Dr. Baki Sadi is a Research Scientist at the Radiation Protection Bureau.

Julie Burtt

Julie Burtt is a Radiation Biologist with the Canadian Nuclear Safety Commission. Her research focuses on the potential health effects of exposure to low doses of ionizing radiation. She has experience as an advisor for Canada to the United Nations Scientific Committee on the Effects of Atomic Radiation (UNSCEAR) as well as with the UNSCEAR Secretariat. She also serves as a Canadian representative on the National Energy Agency’s Expert Group on Non-radiological Public Health Aspects of Radiation Emergency Planning and Response.

Kiza Sauvé

Kiza Sauvé is the Director of the Health Sciences and Environmental Compliance Division at the Canadian Nuclear Safety Commission (CNSC). With a wide range of expertise including in wastes and decommissioning, and environmental and radiation protection and assessment, she provides leadership and oversight to her team.
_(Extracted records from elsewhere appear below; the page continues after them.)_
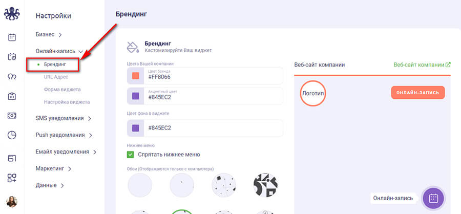 Виджет можно кастомизировать, чтобы он соответствовал корпоративному стилю компании. Заходим в «Настройки компании» — «Онлайн-запись» — «Брендинг». Здесь настраиваются основные цвета на сайте и в виджете, а именно:
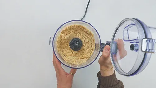 Maal de koekjes fijn met een keukenmachine of mixer. Meng in een aparte kom de koekkruimels met de gesmolten boter en 50 g kristalsuiker. Meng tot het goed gemengd is.
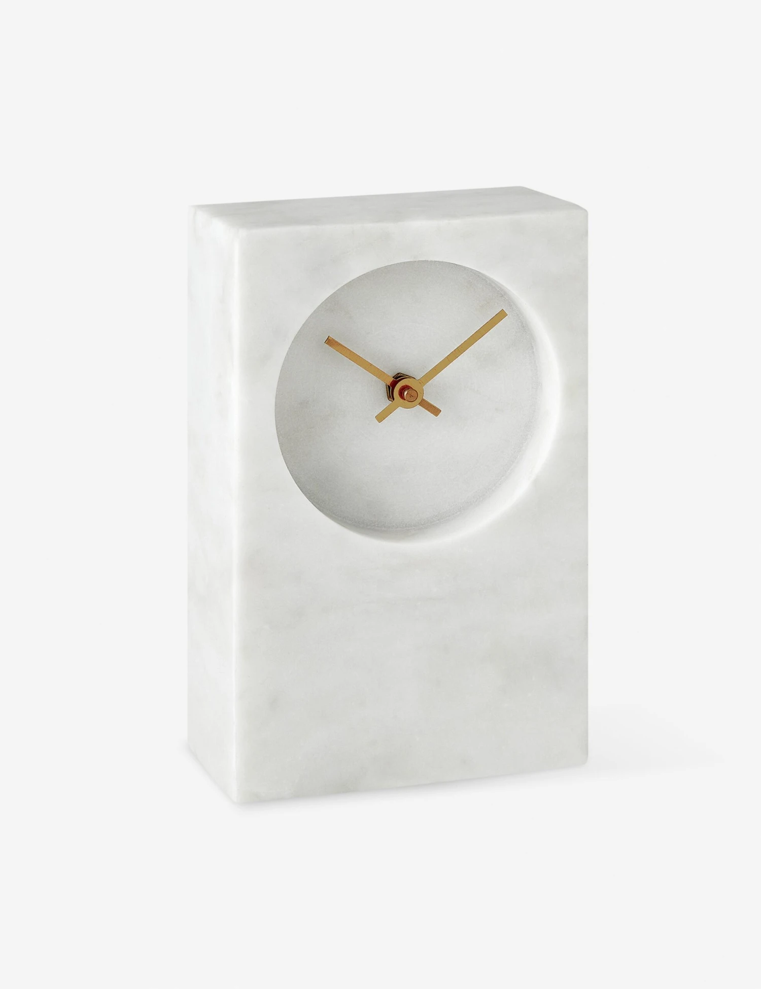 A minimalist design of marble and brass brings a timeless elegance to this tabletop timepiece. The small clock is the perfect size for a bookshelf, desk, or nightstand.

She is a member of the Leading Group of Women in Nuclear (WiN) Canada, Eastern Ontario Chapter.

Rachel Lane

Dr. Rachel Lane is a Radiation and Health Sciences Specialist (epidemiology) with the Canadian Nuclear Safety Commission and an adjunct professor at Carleton University. Her research focuses on the health effects of occupational and environmental radiation exposure. Dr. Lane has been an advisor for Canada to the United Nations Scientific Committee on the Effects of Atomic Radiation (UNSCEAR) since 2006.

Kristi Randhawa

Kristi Randhawa is a Radiation and Health Sciences Officer (epidemiology) with the Canadian Nuclear Safety Commission. Her research involves studying the health effects of ionizing radiation exposure, particularly exposure to low doses of radiation or radiation delivered at low dose rates. She works as a coordinator and advisor for various research projects and working groups including for the International Society of Radiation Epidemiology and Dosimetry (ISoRED).

Ruth Wilkins

Dr. Ruth Wilkins is the Division Chief of the Ionizing Health Sciences Division at Health Canada. She is an alternate representative of the United Nations Scientific Committee on the Effects of Atomic Radiation (UNSCEAR).

Debora Quayle

Debora Quayle is section head of the Radiation Health Assessment Division at Health Canada. She is a member of the Canadian Delegation on the OECD Nuclear Energy Agency Committee of Radiological Protection and Public Health.